Regeln können auch Pflegedienste betreffen

Die neue Regelung würde auch für andere Dienstleistungen gelten, die über internationale Online-Portale angeboten werden, etwa Kinderbetreuung oder Altenpflege, Reinigungsdienste oder Reparaturarbeiten. Wer auf diese Weise Geld verdient, muss dafür in der Regel Steuern zahlen. Allerdings sind Kontrollen schwierig. Durch derartige Steuerhinterziehung entgehen dem Staat jedes Jahr Einnahmen in dreistelliger Millionenhöhe, schätzen die Finanzminister. Auch wird dadurch der Wettbewerb verzerrt. Wer keine Steuern zahlt, kann Dienstleistungen günstiger anbieten.

Für den Warenverkehr gibt inzwischen einige Einschränkungen. Im vergangenen Dezember hat der Bundestag ein Haftungsgesetz für Betreiber von internationalen Online-Marktplätzen beschlossen. Dieses schreibt vor, dass sich Lieferanten aus Nicht-EU-Ländern bei Verkaufsportalen mit ihrer Steuernummer registrieren müssen. Damit soll sichergestellt werden, dass Händler Nicht-EU-Ländern Umsatzsteuer in Deutschland zahlen, wenn sie hierzulande über Internetplattformen Geschäfte machen. Häufig verschicken Lieferanten aus Asien ihre Waren, ohne die Umsatzsteuer von 19 Prozent in Rechnung zu stellen, und können damit ehrliche Konkurrenten unterboten.

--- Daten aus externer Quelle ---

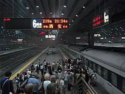 Beijingxi (Beijing West) railway station (Chinese: 北京西站; pinyin: Běijīngxī Zhàn), colloquially referred to as West Station (Chinese: 西客站), is located in western Beijing's Fengtai District. Opened in early 1996 after three years of construction, it was the largest railway station in Asia with an area of 510,000 m2 (5,500,000 sq ft),[1][2] before being surpassed by Shanghai Hongqiao railway station in platform capacity. The station serves in average 150,000–180,000 passengers per day with a maximum of 400,000 people per day.[3] It was expanded during the 2000s decade, during which several platforms were added. It also has a fairly large number of car-parking spaces.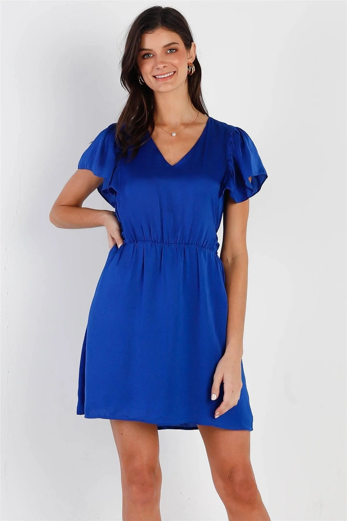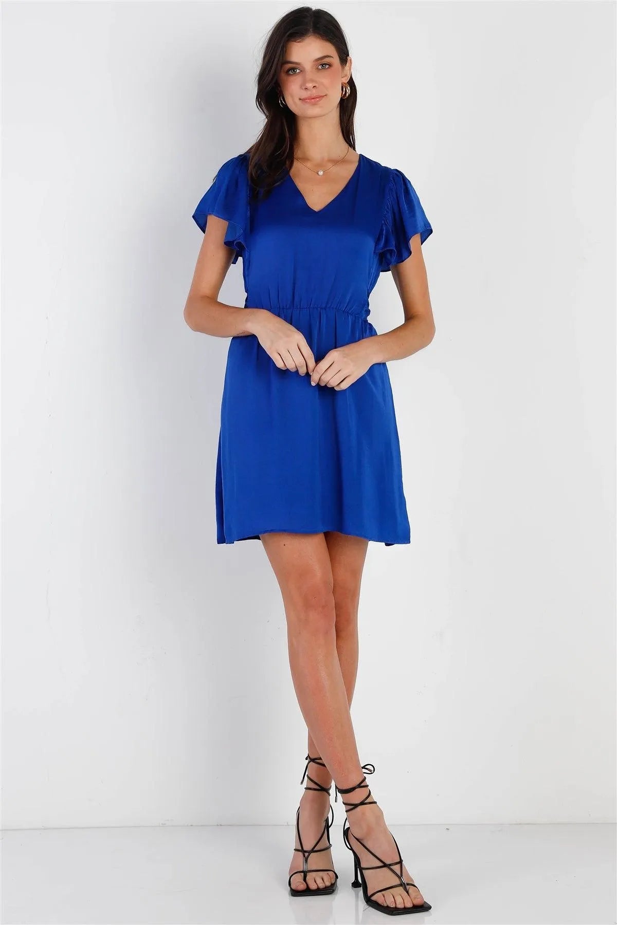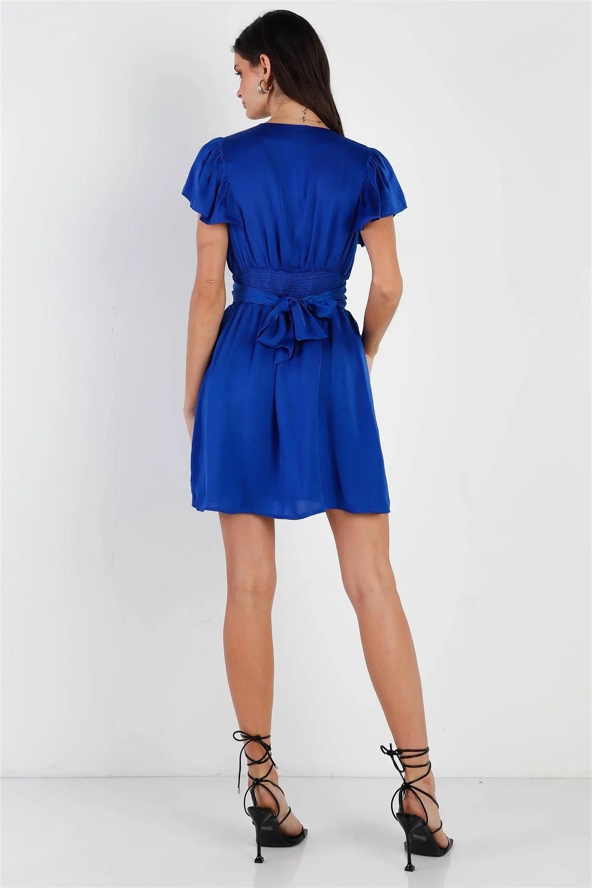 Cobalt Satin Effect Back Self-Tie Detail Flare Short Sleeve Mini Dress /1-2-2-1

Mehr als 12 000 Händler aus Fernost registriert

Die Betreiber von elektronischen Marktplätzen wie etwa Ebay oder Amazon, die diesen Handel ermöglichen, müssen die Adressen, Steuernummern und Umsätze ihrer Händler erfassen, um eine Prüfung der Steuerbehörden zu ermöglichen. Tun sie das nicht und werden entdeckt, dann müssen sie für die die entgangenen Steuern aufkommen.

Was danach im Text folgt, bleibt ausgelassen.